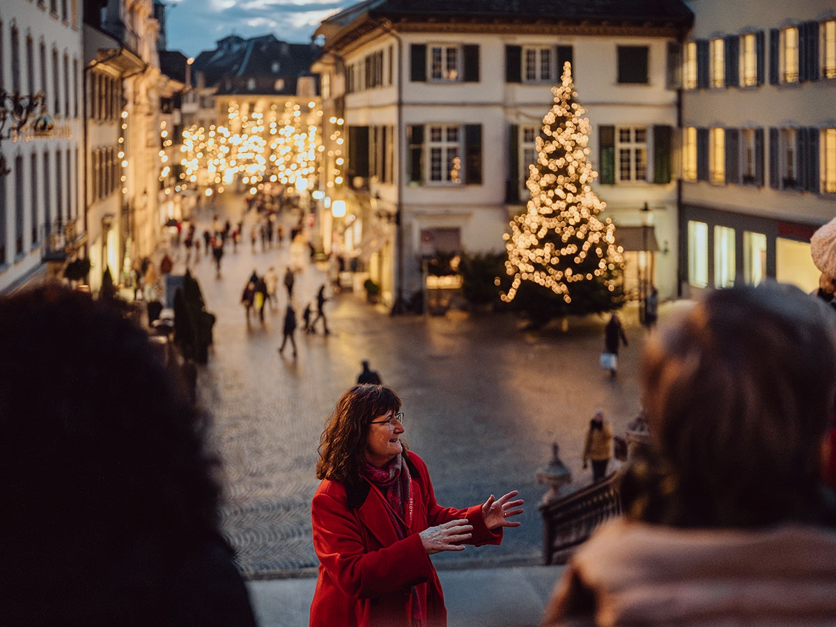 Eine besondere Adventsführung mit besinnlichem Gesang. Die Teilnehmenden tauchen in den winterlichen Charme von Solothurn ein und erleben die Altstadt in der Vorweihnachtszeit. Zu hören sind ausserdem Geschichten von weihnachtlichen Bräuchen und Traditionen. Der Wechsel von Wort und klangvoller Musik der Sopranistin Imogen Baker ergänzt sich und stimmt auf Weihnachten ein.
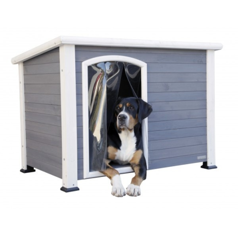 Kenny kutyaház - szürke/fehér, időjárásálló - Kiváló minőségű, időjárásálló kutyaház közepes méretű kutyák számára. Bitumenes tető, műanyag lábak és átlátszó függöny védi a kedvencét. Könnyen összeszerelhető. Kenny szürke/fehér időjárásálló kutyaház -
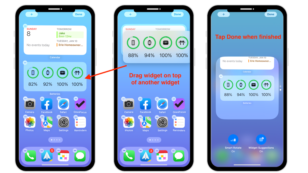 Una vez que el widget esté en su pantalla de inicio, realice el mismo proceso anterior y agregue algunos widgets más; presione y sostenga el widget y suéltelo encima de otro widget.
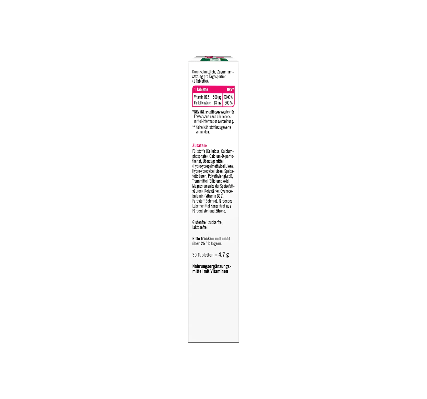 EXACT PRODUCT NAME: FOOD SUPPLEMENT WITH VITAMINS. INGREDIENTS: FILLERS (CELLULOSE, CALCIUM PHOSPHATES), CALCIUM D-PANTOTHENATE, GLAZING AGENTS (HYDROXYPROPYLMETHYLCELLULOSE, HYDROXYPROPYLCELLULOSE, FATTY ACIDS, POLYETHYLENE GLYCOL), ANTI-CAKING AGENTS (SILICON DIOXIDE, MAGNESIUM SALTS OF FATTY ACIDS), RICE STARCH, CYANOCOBALAMIN (VITAMIN B12), BEETROOT RED COLOR, COLORING FOOD CONCENTRATE FROM SAFFLOWER AND LEMON. PLEASE NOTE THE ALLERGEN INFORMATION.
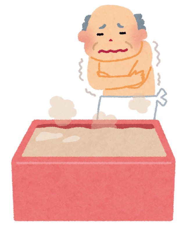 「早く温かい湯船に入りたい」と思いますが、ここで浴槽の温度が高い状態で浸かると、急に身体が温まるため、血圧が下降します。室内外で10℃以上の温度差がある場所は「ヒートショック」が起こる危険性があるとされて、とても注意が必要になります。
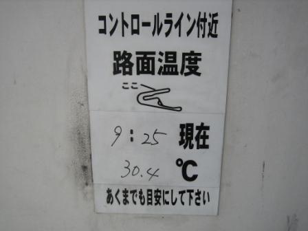 | 9:55 コンディション 気温25.6℃ 路面温度30.4℃ 何もしないでいると、風がとても心地の良い五月晴れの天候です。 |
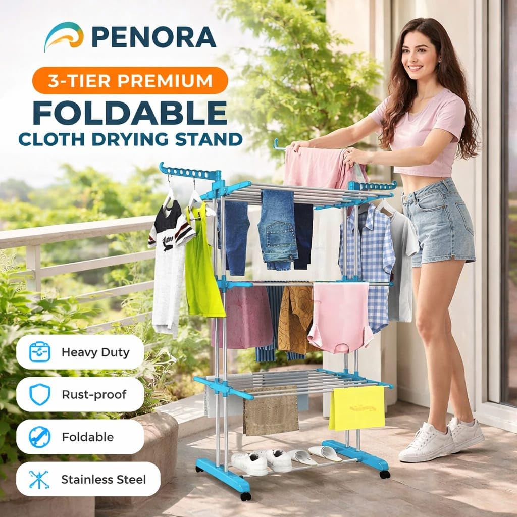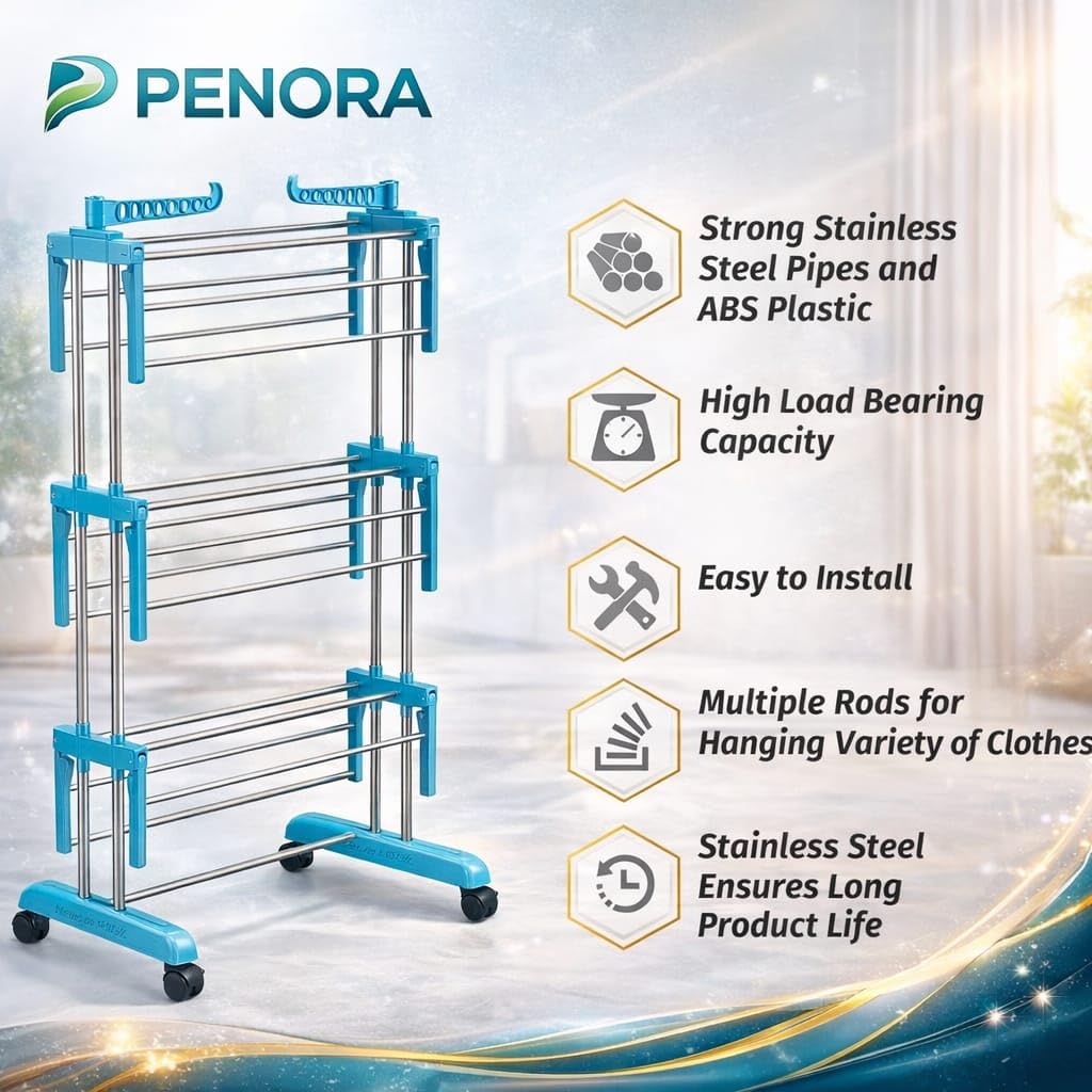 PROUDLY MADE IN INDIA: Penora brings you a premium-quality clothes drying stand, proudly manufactured in India using high-grade stainless steel and durable plastic. This cloth drying stand is built to last, giving you long-term value and strength for daily laundry use.
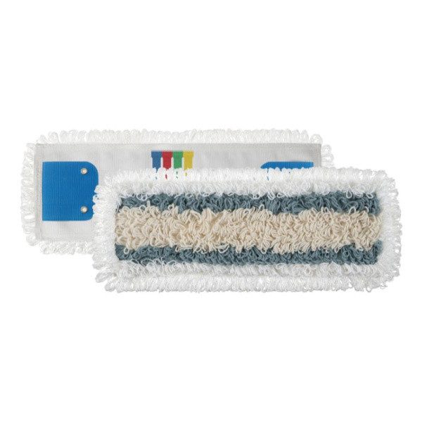 TTS Wet System Tris lapos mop. Mikroszálas, poliészter és pamut lapos mop, hurkolt végekkel, poliészter hordozóval.
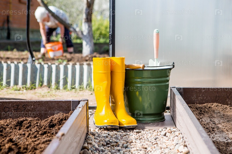 Желтые резиновые сапоги, ведро и маленькая лопатка в новой теплице. Концепция весенней посадки овощей и земледелия
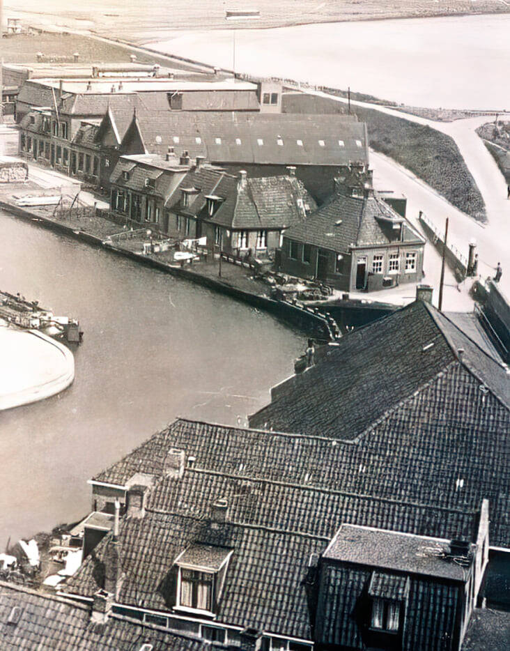 - Truus Goessen-Huitema: ‘Direct naast de werkplaats woonde Harm met zijn gezin. Nadat mijn pake, Teake Huitema, zijn boerderij had verkocht hebben mijn pake en beppe hun laatste jaren in het huisje ernaast gewoond. Zo heeft het er in de tijd van mijn vaders jeugd uitgezien. Ik ben in de oorlogsjaren vaak op de boerderij geweest, maar wat in mijn geheugen zit is dat in die tijd ook al de muur en het hekwerk bestonden. Maar later in het huisje aan de Zeedijk 2 was het allermooiste. Vlakbij de houtmolen... En het werk in de smidse was ook altijd interessant. Ik heb er vaak gelogeerd in het kamertje boven. Daar was een kleine bedstee, heel gezellig.’
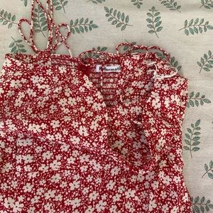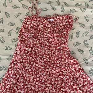 Charming red floral dress. Features a fitted bodice and spaghetti straps. Perfect for casual outings.
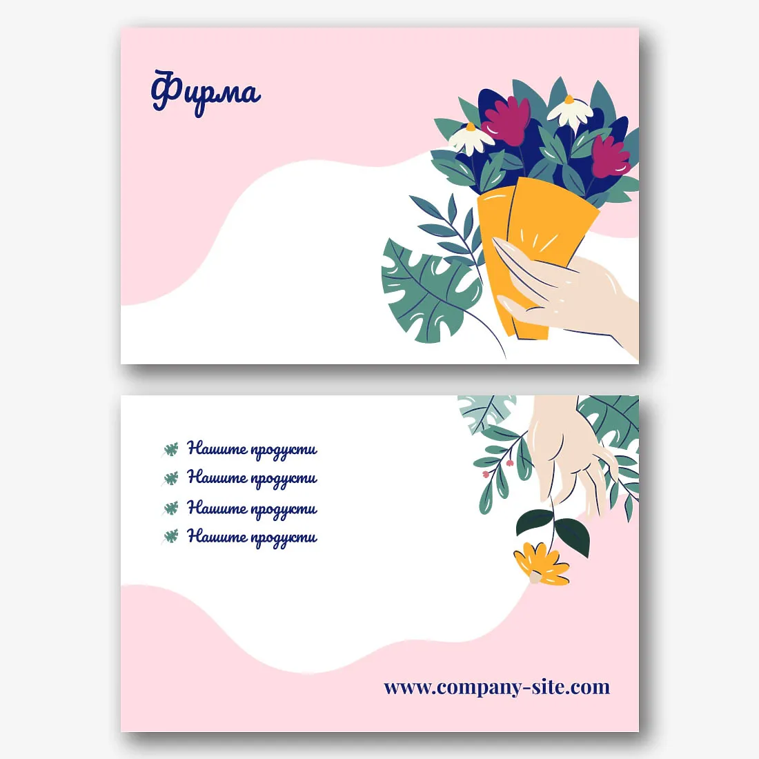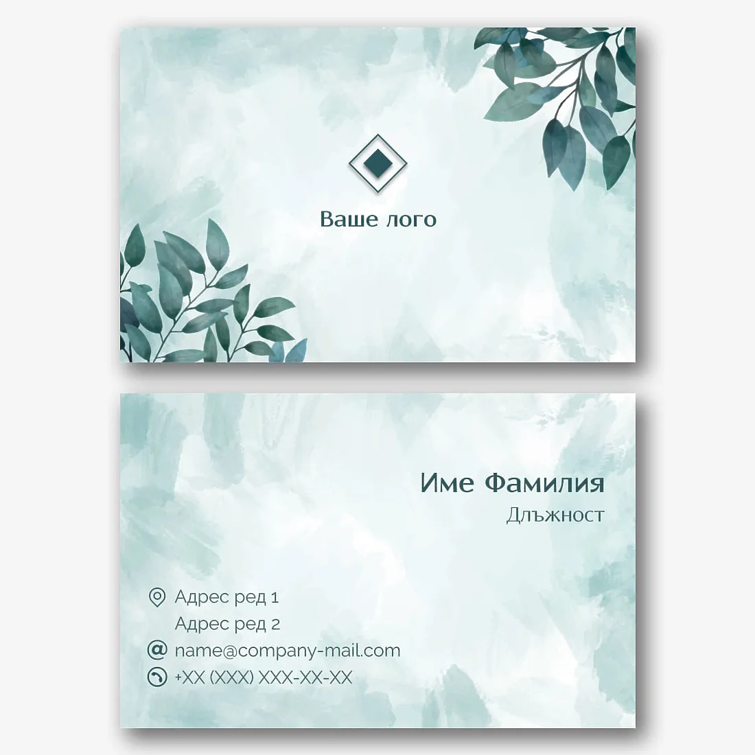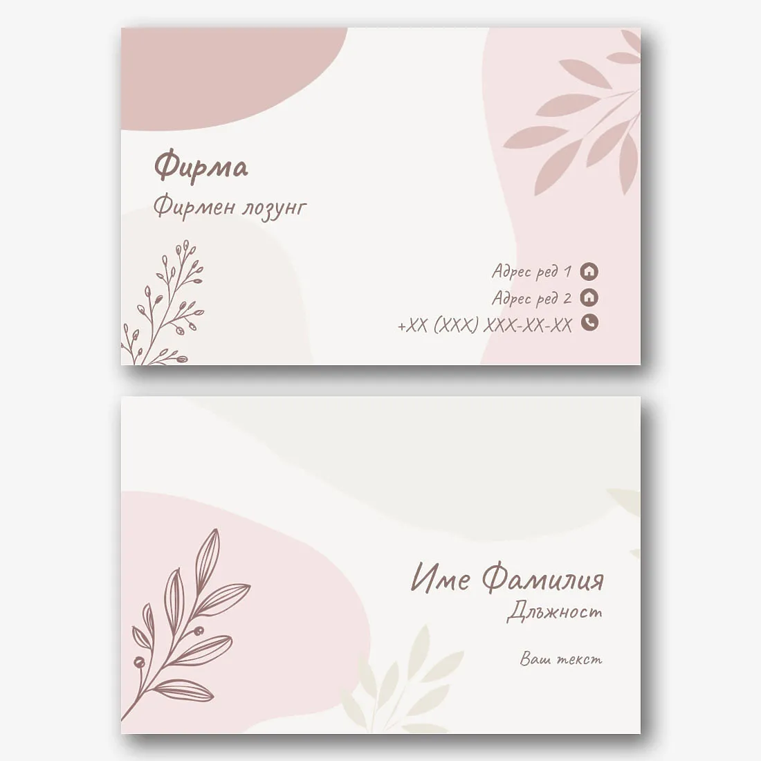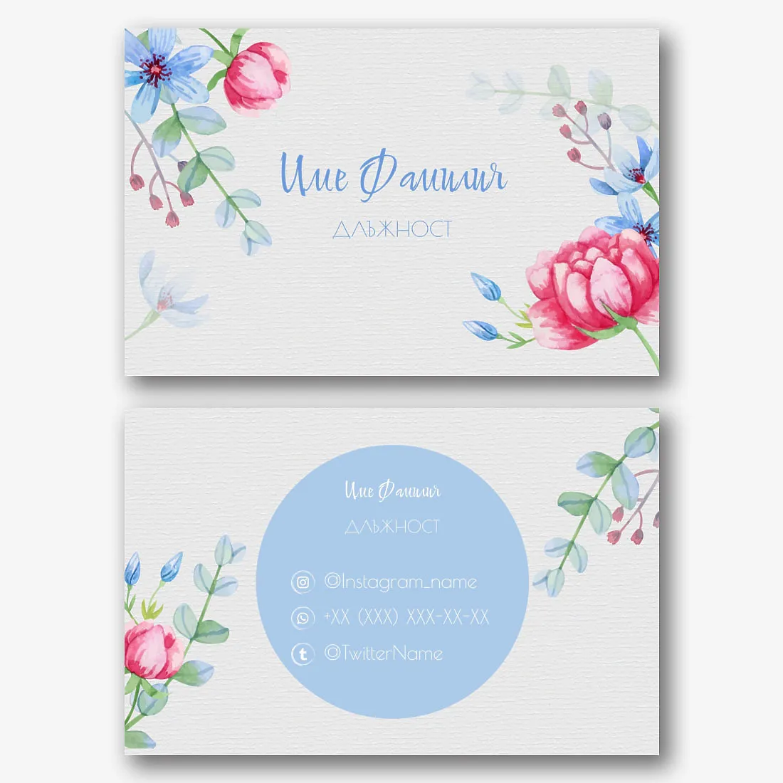 Визитката на цветаря е отражение на вашия талант, стил и индивидуалност. Нашият готин и стилен шаблон за евро визитка за цветар е проектиран с всички тези аспекти, за да можете да се откроите от конкуренцията и да оставите незабравимо впечатление на клиентите си. Насладете се на професионален дизайн, който съчетава елегантност и креативност с флоралното изкуство. Ярки и деликатни нюанси, елегантни флорални елементи и изискани шрифтове правят тази визитка идеален избор за тези, които ценят красотата и хармонията. Използвайте нашия онлайн дизайнер, за да създадете уникална визитка със собствените си ръце. Персонализирайте шаблона, като добавите вашето име, данни за контакт и логото на вашия бизнес. Това е бързо и лесно — можете да получите готовия резултат само за няколко минути. Не пропускайте възможността да се откроите от конкурентите и да създадете уникален образ на вашия бизнес с цветя. Използвайте нашия стилен шаблон за визитка за цветар и дайте възможност на вашата марка да процъфтява в света на красотата и творчеството.

AIM OF THE TASK
Stop at the line containing "Kenny kutyaház - szürke/fehér, időjárásálló" and include it. Everything from the first line of the material up to there is to be repeated exactly, leaving out pictures.

ANSWER BOX
 Eine besondere Adventsführung mit besinnlichem Gesang. Die Teilnehmenden tauchen in den winterlichen Charme von Solothurn ein und erleben die Altstadt in der Vorweihnachtszeit. Zu hören sind ausserdem Geschichten von weihnachtlichen Bräuchen und Traditionen. Der Wechsel von Wort und klangvoller Musik der Sopranistin Imogen Baker ergänzt sich und stimmt auf Weihnachten ein.
 Kenny kutyaház - szürke/fehér, időjárásálló - Kiváló minőségű, időjárásálló kutyaház közepes méretű kutyák számára. Bitumenes tető, műanyag lábak és átlátszó függöny védi a kedvencét. Könnyen összeszerelhető. Kenny szürke/fehér időjárásálló kutyaház -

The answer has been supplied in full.